SynaptixBio expands collaboration with Evotec to advance treatments for H-ABC

New Delhi: SynaptixBio has announced an extension of its collaboration with global life science company Evotec. This partnership aims to accelerate the development of therapies for H-ABC, a severe form of TUBB4A leukodystrophy, a rare and debilitating condition.

The collaboration builds on initial research conducted by the Children’s Hospital of Philadelphia (CHOP), a leading institution in leukodystrophy research. CHOP identified a candidate antisense oligonucleotide (ASO) as a potential therapy for H-ABC. Since April 2022, SynaptixBio and Evotec have been working together to advance this candidate ASO into a viable therapeutic option.

The agreement will significantly expand their pipeline with additional ASO candidates. ASOs work by targeting and silencing the mutated TUBB4A gene, which is responsible for producing toxic proteins. This gene-silencing approach is critical because a mutated TUBB4A gene leads to a deficiency in myelin, the protective sheath around nerve fibers in the brain. This deficiency disrupts neural signal transmission, causing severe neurological symptoms.

Dan Williams, CEO of SynaptixBio, emphasized, “The contract with Evotec is absolutely vital for us to ensure we have a range of viable candidates to take through further testing. Not only do they have the capabilities to identify and develop candidate drugs, but they can also help us take them right through clinical trials and beyond. They are instrumental in supporting us as we prepare for those clinical trials.”

In recent developments, SynaptixBio received its second Orphan Drug Designation (ODD) from the US Food and Drug Administration (FDA) for a therapy targeting Isolated Hypomyelination, another form of TUBB4A leukodystrophy.

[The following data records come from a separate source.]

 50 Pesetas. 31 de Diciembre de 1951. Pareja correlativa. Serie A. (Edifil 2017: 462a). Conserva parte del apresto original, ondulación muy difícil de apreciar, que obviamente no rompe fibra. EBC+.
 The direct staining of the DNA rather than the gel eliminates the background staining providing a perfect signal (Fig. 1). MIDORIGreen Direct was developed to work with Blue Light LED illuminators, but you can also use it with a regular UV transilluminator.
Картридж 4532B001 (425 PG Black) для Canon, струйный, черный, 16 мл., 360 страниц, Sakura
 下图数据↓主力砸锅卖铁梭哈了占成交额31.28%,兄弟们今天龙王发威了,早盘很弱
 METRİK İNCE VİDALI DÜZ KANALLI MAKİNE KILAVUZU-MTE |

The first ODD was granted earlier in 2023 for the H-ABC therapeutic developed with CHOP.

Additionally, in October 2023, SynaptixBio was awarded a £490,000 BioMedical Catalyst grant by Innovate UK to address less common variants of the disease. This funding supports the company’s efforts to explore ASO technology, which has proven effective in treating other dystrophies like Duchenne muscular dystrophy.

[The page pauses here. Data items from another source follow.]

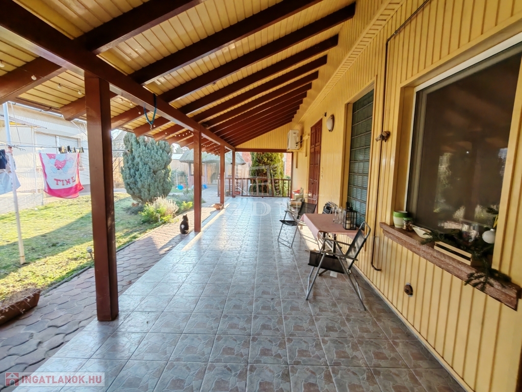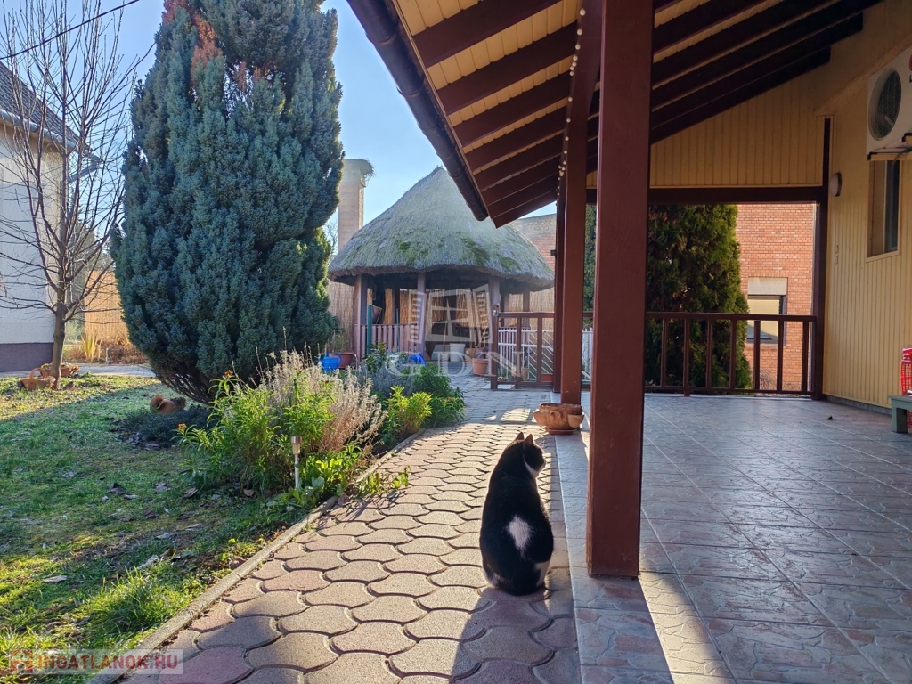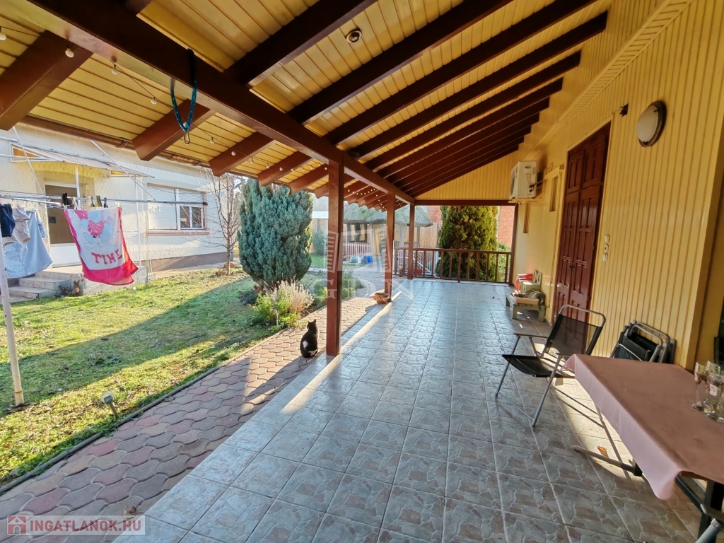 a hátsó zárt garázson keresztül is kijuthatunk. A telek hátsó részében állattartásra alkalmas ólak, valamint háztartási helységek és külső WC is található.
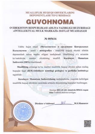 | 4483 | №005616 | Monografiya - "Метасоматизм и оруденение Центральных Кызылкумов" | Karabayev Mamatxan Sadirovich (100%) | H.M.Abdullayev nomidagi geologiya va geofizika instituti | 12/22/2022 | ![]() |
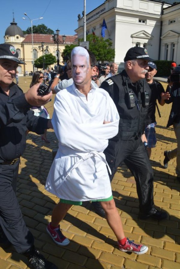 На поредния ден на протест пред парламента Тицин дойде облечен в усмирителна риза и с маска на Волен Сидеров и така премина през металните заграждения пред парадния вход на парламента, което накара полицаите да реагират.
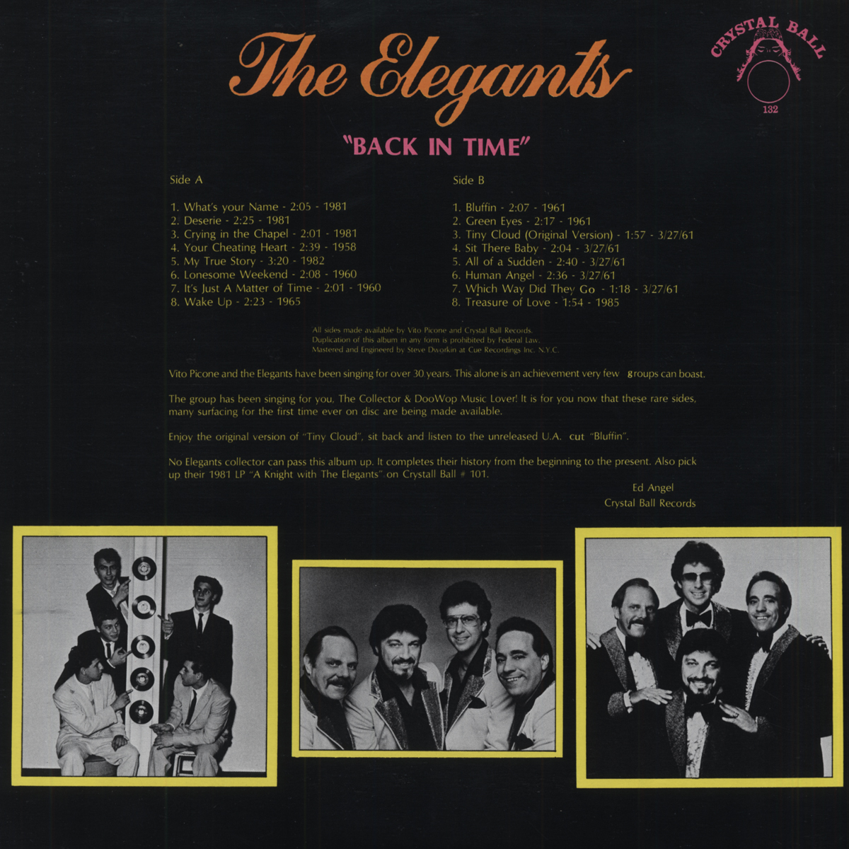 Just as New York was ground zero for black vocal groups, now a battalion of Italian-American aggregations from the same metropolis followed their lead. The Elegants hailed from Staten Island; lead singer Vito Picone and baritone Carman Romano had been members of Pat Cordel and The Crescents, whose 1956 kiddie sound single Darling Come Back, which Vito wrote, came out on the Club label.
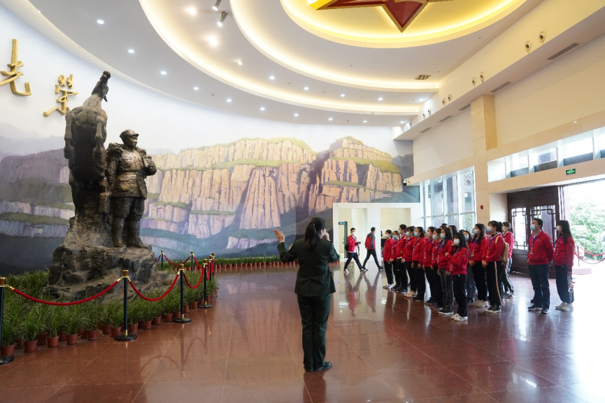 下午,一行人来到塔子山下——红四方面军长征出发地。这里地势险绝,山岩陡峭,嘉陵江由北而南,逶迤而来,波涛拍岸,脚下奔流不息的滔滔江水,似乎一直向人们讲述着那战火纷飞年代的故事。在强渡嘉陵江战役纪念碑前,全体师生认真聆听了红四方面军进入苍溪的革命战争事迹,在红军渡功勋馆中,又深切缅怀了那两万多为革命流血牺牲的烈士,尤其孟氏家族一门忠烈的故事令全体师生动容。在《长征之路 复兴之路图片展》中,师生们了解了红四方面军长征纪实,重温当年红四方面军创建川陕根据地、强渡嘉陵江、挥师长征所经历的曲折战斗历程;深刻感受红军战士坚定的理想信念、浴血奋战的勇气、不怕牺牲的精神。
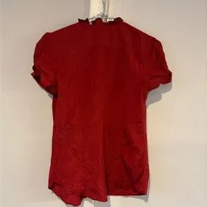 ZARA Red Silk Ruffled Blouse
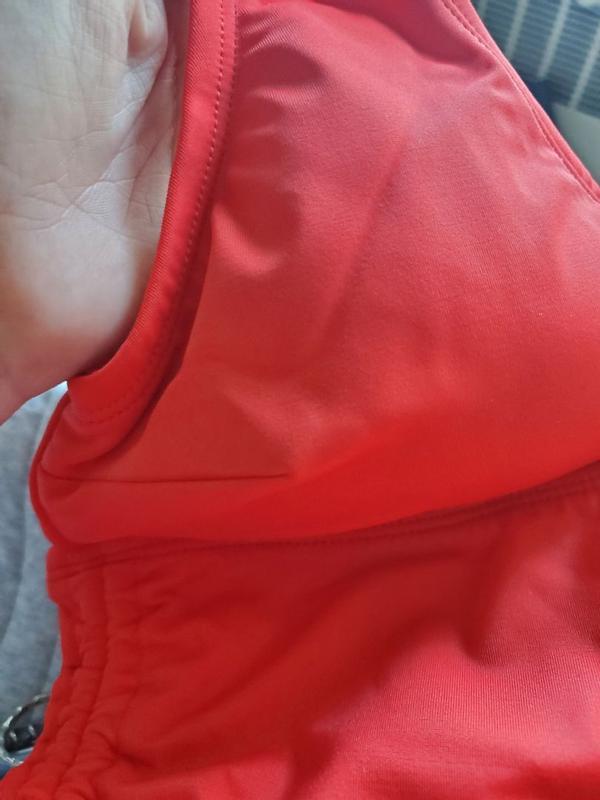 This bikini top is super cute, fits well and is comfortable! It fits true to size and the red color is great with any skin tone. It can adjust and fit if you need it bigger or smaller as well.

With over 8,000 known rare diseases affecting a significant portion of the population, SynaptixBio’s work addresses a critical need. According to a 2020 European Commission report, approximately 1 in 17 people will be affected by a rare disease at some point in their lives amounting to 3.5 million people in the UK. It underscores the importance of continued research and innovation in this field.